Buralarda bir araba kovalama sahnesini çekmek ilk hangi yönetmenin aklına gelecek acaba?


-Şu solda görünen Hoşap Kalesi olup günümüzden 350 yıl önce yapılmıştır. Karşısındaki çay ocağında bir çay içelim.

Çizgi filmlerde fantazi olarak çizilen şato ve kalelerin aslı ve canlısı var bizde. O kadar muhteşem ki. Keşke o tepeden çekebilseydim bir fotoğrafını. Ve açık olsaydı da içini gezebilseydim.


-Şu sağdaki karakola üç sene önce roket atılmış olup....

Simsiyah duvarlar..

-Soldaki köprü yetmişli yıllarda Deniz Gezmiş ve arkadaşları tarafından yapılmış olup Gençler Köprüsü olarak anılmaktadır.

Köprü inşa eden gençlikten roket atan gençliğe...



Nihayet varış. Güzel bir yere benziyor. Söylenenler abartılı. Sınır şehirlerinin canlılığı var.
      

Rivayet odur ki; bir polis memuru kendisini arayan eşine, “Sümbül bana, ben Sümbül'e bakıyorum” demiş. Eşinin bu cevabından huylanan kadın telaşla Hakkari’ye gelmiş. Sümbül’ün, Hakkari’de herkesin bakmak zorunda olduğu  bir dağ  olduğunu öğrenmiş.
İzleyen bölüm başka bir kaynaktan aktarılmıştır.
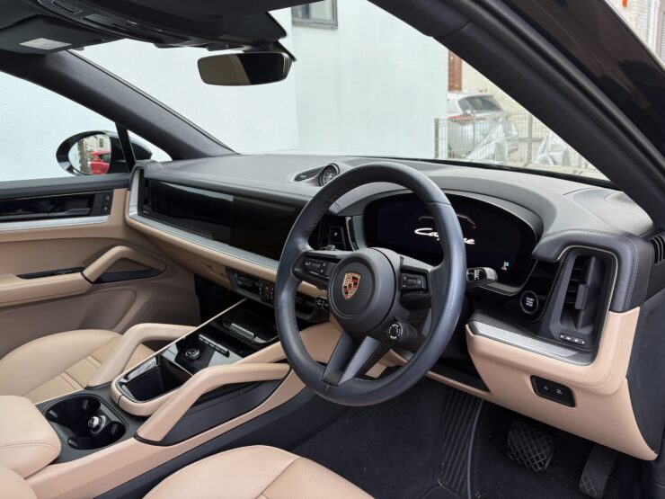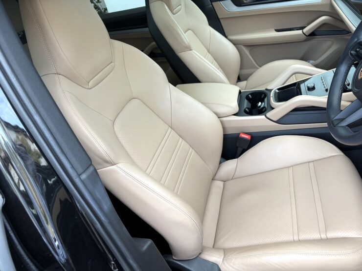 現行型のカイエンクーペをご売却いただきました!内装はお洒落な黒×モハーベベージュのツートーンレザー、リアコンフォートベンチシートにより5人乗り仕様となっており、4ゾーンエアコンと合わせてファミリーカーとしてもお使いいただけるお車です。
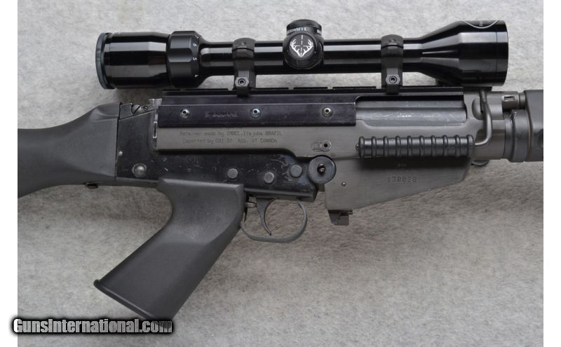 Description: This Imbel Model R1A1 is a tactical semi-auto rifle in .308 Win. Cal. It has a 20.5 inch barrel and a smooth grip black polymer butt and full pistol grip. A three sided black steel forearm. It is outfitted with a Bushnell 3x9 Scope and has a front blade iron sight. In overall very good condition it comes as is with one magazine. SOLD Caliber Info: .308 Win. Chambers: Detachable magazine. Metal Condition: Very good. Has some surface marks. Bore Condition: Excellent. Barrels: 20.5 inches. Stock: Smooth black polymer buttstock and full pistol grip. Stock Dimensions: LOP 14 3/8 inches. Fore End: Vented and grooved 3 sided black steel. Butt Pad: Smooth black rubber pad. Weight: 10 lbs. 12 oz. Sights: Blade front with protective sides. Bushnell High Contrast 3x9 Scope. Item Location: Richfield, WI |

Her biri bir yerden gelmiş personelimizin bir bölümü. Aynı zamanda, aynı yerdeyiz, 2002-Kasımında Hakkari'deyiz. .

2 yorum:

Unknown dedi ki...

Benim röportaj kadar olmasa da, fena halde etkilendim. Keşke daha uzun olsaymış.

R.Erkan SEZGİN dedi ki...

Senin röportajı hiç bir şey geçemez zaten:)))

Aslında benim de etkilendiğim yerlerden biridir. İleride daha uzun yazmayı düşünüyorum.Şimdilik foto-roman tarzını deniyorum:)))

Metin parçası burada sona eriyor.